- Supplied information:
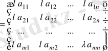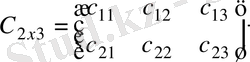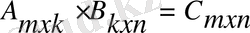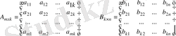 3. Матрицаларды көбейту. Бірінші матрицаның тік жолдар саны мен екінші матрицаның жатық жолдар саны тең болған жағдайда ғана екі матрицаны көбейтуге болады. Өлшемі m x k болатын А матрицасы мен өлшемі k x n болатын В матриасы берілсін:
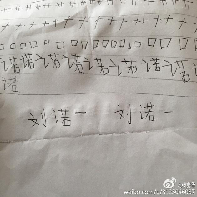 2月8日晚,劉燁[微博]更新微博曬教劉燁練字的照片,并寫道:“在家指導(dǎo)孩子練字,從名字開始,小諾進(jìn)步挺快的,但還是控制不好力道,我讓他寫了遍名字,我再寫一遍讓他看看差距。”照片中看出,諾一寫的是自己的名字,一次比一次寫得好,進(jìn)步很大,居然趕上爸爸劉燁的字跡了,非常的有天賦聰明。
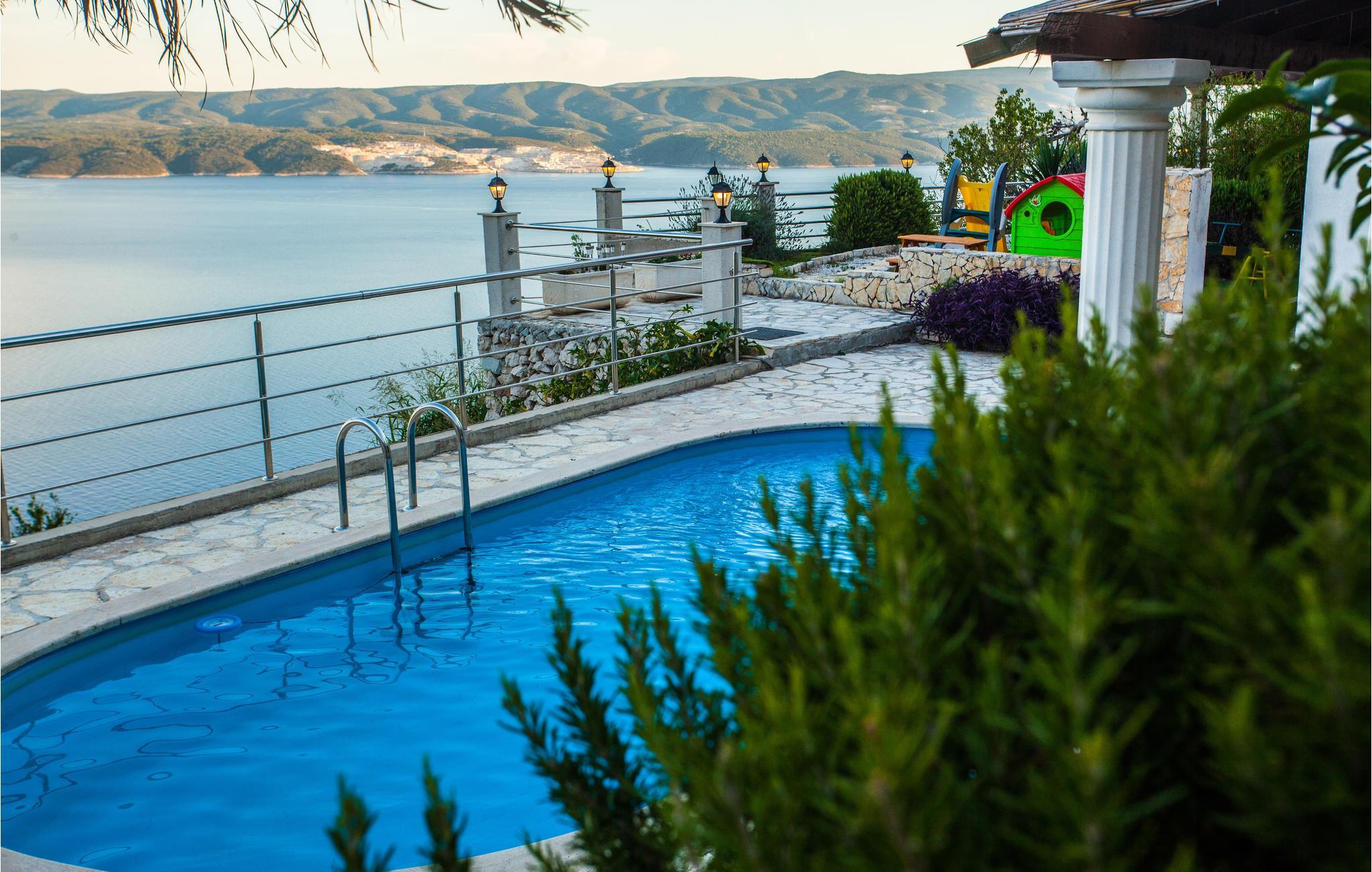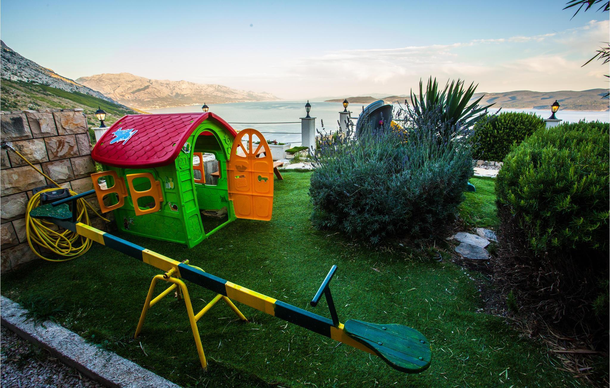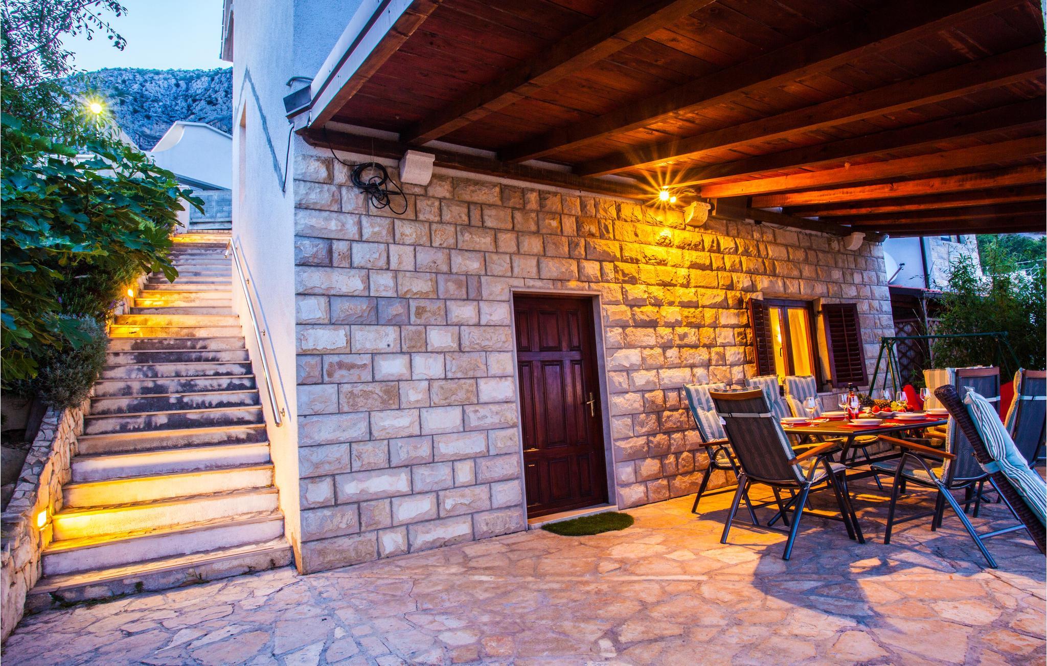 Dieses funktionell eingerichtete Ferienhaus befindet sich auf einer Anhöhe und in naturnaher Umgebung. Vom Küchen- und Wohnbereich im Erdgeschoss geht es über die Innentreppe zu den Schlafzimmern im 1. Stock. Der 2. Stock, erreichbar mit Außentreppe, beherbergt zwei separate Einheiten mit jeweiligen Badezimmer und jeweils einer Küche. Vom Wohnzimmer gelangen Sie auf die teils überdachte Terrasse. Umgeben von Natur können Sie von gestresstem Alltag entspannen und den traumhaften Panoramablick auf das Meer genießen. Besuchen Sie die ehemalige Piratenstadt Omis und lernen Sie ihre Geschichte kennen. Das reiche Freizeitangebot lädt auch Abenteuerbegeisterte zum Besuch ein.

- What is needed:
Please output the material above unchanged, apart from removing the pictures.

- Exercise solution:
 3. Матрицаларды көбейту. Бірінші матрицаның тік жолдар саны мен екінші матрицаның жатық жолдар саны тең болған жағдайда ғана екі матрицаны көбейтуге болады. Өлшемі m x k болатын А матрицасы мен өлшемі k x n болатын В матриасы берілсін:
 2月8日晚,劉燁[微博]更新微博曬教劉燁練字的照片,并寫道:“在家指導(dǎo)孩子練字,從名字開始,小諾進(jìn)步挺快的,但還是控制不好力道,我讓他寫了遍名字,我再寫一遍讓他看看差距。”照片中看出,諾一寫的是自己的名字,一次比一次寫得好,進(jìn)步很大,居然趕上爸爸劉燁的字跡了,非常的有天賦聰明。
 Dieses funktionell eingerichtete Ferienhaus befindet sich auf einer Anhöhe und in naturnaher Umgebung. Vom Küchen- und Wohnbereich im Erdgeschoss geht es über die Innentreppe zu den Schlafzimmern im 1. Stock. Der 2. Stock, erreichbar mit Außentreppe, beherbergt zwei separate Einheiten mit jeweiligen Badezimmer und jeweils einer Küche. Vom Wohnzimmer gelangen Sie auf die teils überdachte Terrasse. Umgeben von Natur können Sie von gestresstem Alltag entspannen und den traumhaften Panoramablick auf das Meer genießen. Besuchen Sie die ehemalige Piratenstadt Omis und lernen Sie ihre Geschichte kennen. Das reiche Freizeitangebot lädt auch Abenteuerbegeisterte zum Besuch ein.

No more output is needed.